Bridging
A big disadvantage
to running NAT on your wireless hosts is that they become less
accessible to your wired hosts. While the wireless users can make
connections to any machine on the wire, connecting back through a NAT
is difficult (the AirPort provides some basic support for this by
allowing for static port mappings, but this is far from convenient).

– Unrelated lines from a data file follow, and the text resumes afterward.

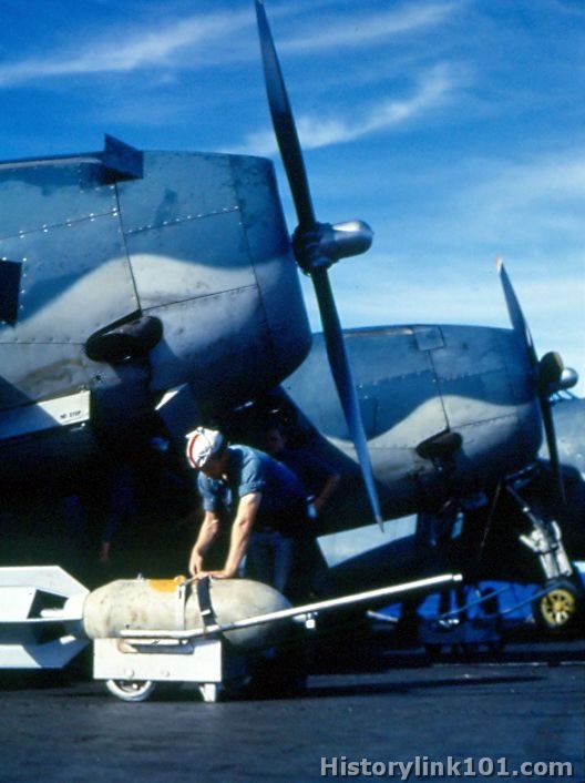 Ordnancemen load depth bombs on TBF's on US Carrier. 1942
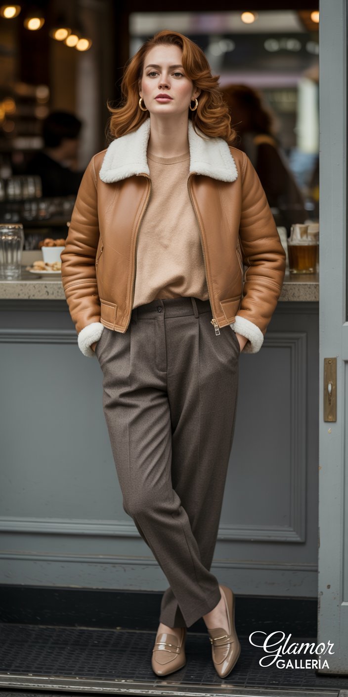 - Anchor: Tan or white shearling bomber.
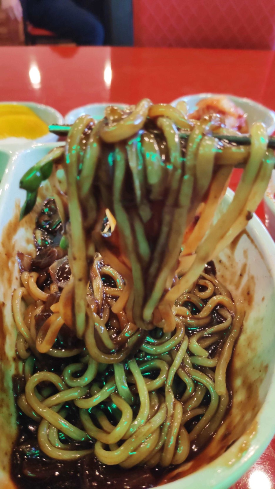 바로 내 옆 테이블에서 동남아 국적으로 보이는 손님이 탕짜면(탕수육+짜장면)을 먹고 있다.
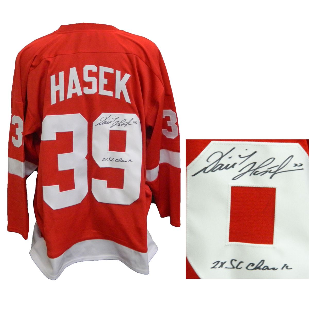 Dominik Hasek signed red custom hockey jersey '2x SC Champ' inscription. Jersey is size X-Large and has a blank front. Item comes with a Schwartz Sports Memorabilia tamper-proof numbered hologram and Certificate of Authenticity which can be verified online.
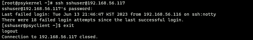 - 처음엔 PermitRootLogin 값을 no 라고 설정하고 root 사용자와 sshuser 사용자로 각각 접속해보세요.
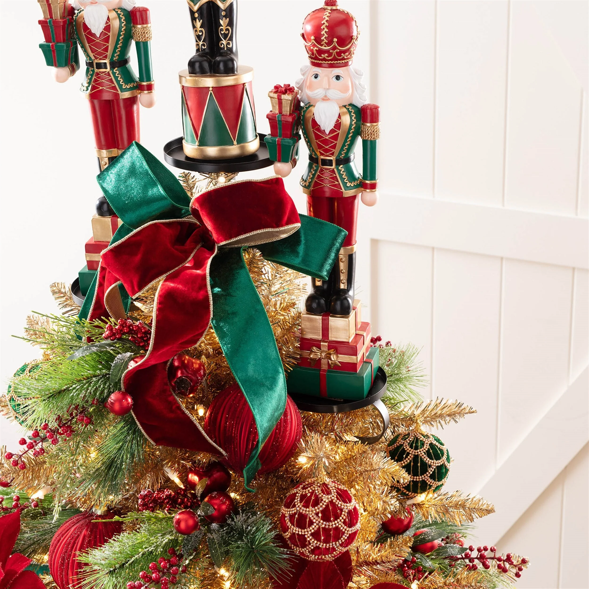 Elevate your Christmas tree with this Metal Triple Tree Topper Platform in classic black. Designed to seamlessly blend with your green pine tree, this versatile 36" tall platform features three tiers for a unique and customizable display. Secure it easily with a zip tie, ensuring the platforms stick out slightly at the top. Perfect for showcasing holiday figurines, arrangements, or statement pieces, this topper adds a personalized and festive touch to your tree this holiday season.

For example, if you are running a Windows client on the wireless, the
Network Neighborhood will show other wireless clients only and not
any machines on the wire, since NAT effectively hides broadcast
traffic (which the Windows SMB protocol relies on). If you already
have a DHCP server on your wired network, and are running private
addresses, the NAT and DHCP functions of the AirPort are redundant,
and can simply get in the way.
Rather than duplicate effort and make life difficult, you can
disable NAT
and DHCP and enable bridging to the wire. Turn off DHCP under
DHCP Functions (as we saw previously), and check
the Act as transparent bridge (no NAT) under the
Bridging Functions tab. When the AirPort is
operating in this mode, all traffic destined for your wireless
clients that happens on the wire gets broadcast over wireless, and
vice versa. This includes broadcast traffic (such as DHCP requests
and SMB announcement traffic). Apart from wireless authentication,
this makes your AirPort seem completely invisible to the rest of your
network.
Once bridging is enabled, you may find it difficult to get the unit
back into NAT mode. If it seems unresponsive to the Java Configurator
(or Mac AirPort Admin utility) while in bridging mode, there are a
couple of ways to bring it back.
If you have a Mac, you can do a manual
reset.
Push the tiny button on the bottom of the AirPort with a paper clip
for about two seconds. The green center light on top will change to
amber. Connect the Ethernet port on your AirPort to your Mac and run
the admin utility. The software should let you
restore the AirPort to the default settings. You have five minutes to
do this before the amber light turns green and reverts to bridged
mode.
If you're running Linux, you can easily bring the
AirPort back online using Lucent's
cliproxy utility, without needing a hard reset.
Run the following commands from a Linux machine (either on the wire,
or associated over the wireless):
$ cliproxy
[ORiNOCO]> show accesspoints
Searching...
Hostname Eth Address IP Address Description
------------- -------------- ---------------- --------------------
NoCat 0030.42fa.cade 192.168.0.5 Base Station V3.64
[ORiNOCO]> configure remote 192.168.0.5 public
Config loaded from 192.168.0.5
NoCat> configure terminal
NoCat(config)> no service bridging
NoCat(config)> service napt
NoCat(config)> service dhcp-server
NoCat(config)> done
NoCat> write remote 192.168.0.5 public
NoCat> exit
Of course, substitute your password for public
and IP address where applicable. At this point, the
AirPort should reboot with NAT and DHCP enabled and bridging turned
off.
If you're running Windows and need to reset an
AirPort in bridged mode, I suggest you make friends with a Mac or
Linux user. You might be able to get things back to normal by doing a
hard reset (holding down the reset button with a paper clip for 30
seconds while powering the unit up), but I've never
been able to make that work. The previous two methods—using a
Mac hard reset or the Linux cliproxy
utility—have worked well for me in the past. I keep a copy of
cliproxy handy for just this reason.